Everyone has their own timeline for taking the AREs and, let me tell you, mine was LONG! When I started logging hours, NCARB’s program was IDP (Intern Development Program) - the precursor to the current AXP (Architectural Experience Program). With AXP, you can start earning hours quickly but that was not the case for IDP. For the later rendition of IDP, one had to be well into their accredited program to start counting hours towards sitting for the exams. 
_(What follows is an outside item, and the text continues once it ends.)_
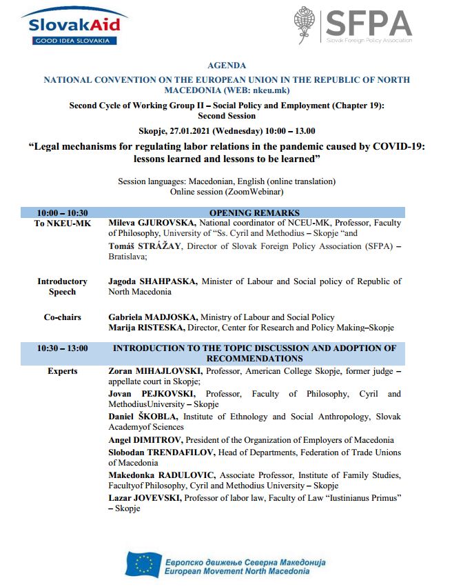 Agenda – Eight session of Working group 2 (Chapter 19) – “Legal mechanisms for regulating labor relations in the pandemic caused by COVID-19: lessons learned and lessons to be learned”

As an eager, budding architecture professional, I started working for a large, international firm right after my first year of architecture school. I had that lined up before I even started architecture school! I worked for this firm throughout my undergraduate years during summer and winter breaks. In my final year of architecture school, disaster struck the nation - 9/11. I attended school in central New York with family in New York City, so it hit particularly close to home. It also hit the building industry and finding employment as a new graduate was difficult. I moved home to Minneapolis where the economy was not as resilient and worked for a financial firm in order to make ends meet. I knew I wanted to go back to architecture and back East, so I applied to graduate programs. About a year after earning my B.Arch degree, I was back in New York to earn my M.Arch. During this time, I found employment and worked during school, accumulating more hours for my IDP.

Tell my story

The next fifteen years included academic positions right out of graduate school while concurrently working for firms across New York City, designing projects of all types and complexities both domestically and internationally. There were also a series of recessions, financial, and personal hardships. I had more than enough hours to sit for the exams but what I lacked was time and, oftentimes, funding. 

I attempted the process and took my first exam in 2009. Fail. I was frustrated. I did not have the dedication and I was lost on content. In the meantime, though, I saw my friends get licensed and start their own firms. I felt that, even though I had the experience, I did not have that credential. I wanted that. 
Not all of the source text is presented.